Question Answering generates reports from an entity-rich document collection
Question answering is one of the leading use cases for generative AI, given the ability of LLMs to perform in-context learning over a set of input texts. For situations where the size of data to be queried exceeds the context window of the LLM, retrieval-augmented generation (RAG) can enable embedding-based matching of query text against input texts, before using the retrieved texts to help the LLM generate a grounded response. A major limitation of standard RAG, however, is that there is no guarantee that the retrieved texts provide a sufficiently comprehensive grounding to answer user questions, especially if the questions ask for summaries rather than facts. Our recent work (opens in new tab) using LLM-derived knowledge graphs as a RAG index aims to provide such grounding, but requires an extensive indexing process before any questions can be answered.
For Intelligence Toolkit, we therefore developed a new RAG approach for lightweight yet comprehensive question answering over collections of existing reports, targeted at NGOs wanting to leverage both their own report collections and those of other organizations (e.g., see collections of public reports from Issara (opens in new tab), Polaris (opens in new tab), Unseen (opens in new tab), and IOM (opens in new tab)). In this approach, text chunks that match the user’s question are first mined for question-answer pairs, before the question is augmented with any partial answers and embedded again alongside both unmined text chunks and the mined questions and answers. This process repeats until sufficient question-answer pairs have been extracted and matched against the augmented question, providing both an independent FAQ and grounding for the LLM answer to the original user question.
Continuing the fight against all kinds of societal threats
Intelligence Toolkit is our latest example of a human rights technology developed with global experts in the anti-trafficking community, yet applicable to a broad class of problems impacting societal resilience as a whole. As we work with TAT to help NGOs and other organizations use Intelligence Toolkit for their own data challenges, we hope to identify opportunities to refine and expand our initial workflows.

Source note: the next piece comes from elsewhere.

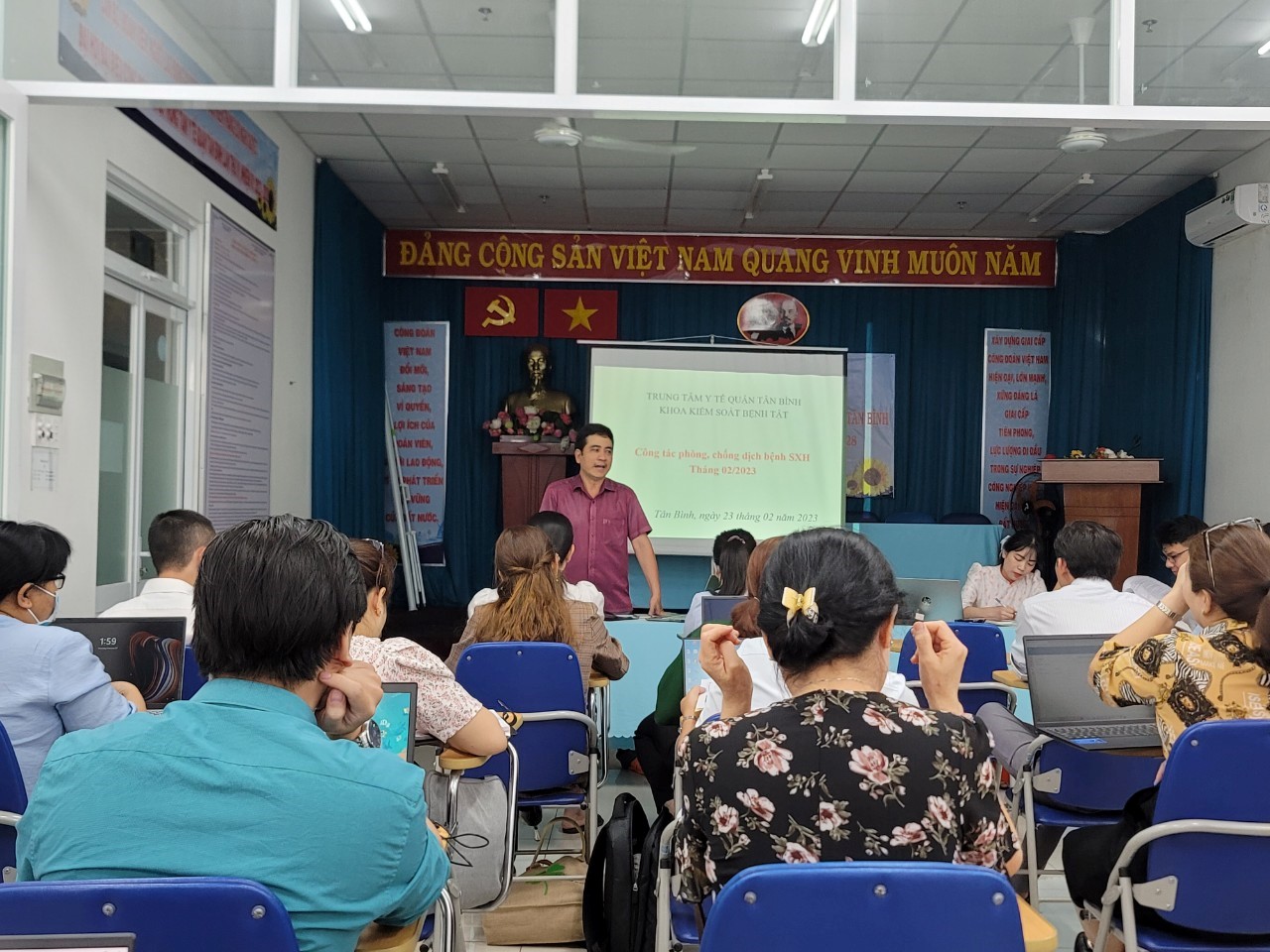 Ngày 23/02/2023, tại hội trường lầu 7, để thực hiện kế hoạch trên, Trung tâm Y tế đã triển khai tập huấn nội dung trong kế hoạch cho 35 cán bộ viên chức là lãnh đạo các Trạm y tế phường, cán bộ phụ trách công tác phòng chống dịch phường và đại diện phòng Kế hoạch nghiệp vụ, phòng Truyền thông Giáo dục sức khỏe, khoa Y tế công cộng – Dinh dưỡng.

Across multiple stakeholder events, we have helped to raise awareness of generative AI and the real risks that misuse could pose to vulnerable populations. At the same time, generative AI has unprecedented potential to drive insight discovery, communication, and collective action across entire communities, in ways that are essential for tackling societal problems at scale. With Intelligence Toolkit, we have taken our first steps towards understanding how generative AI can be shaped into the tools that society most urgently needs.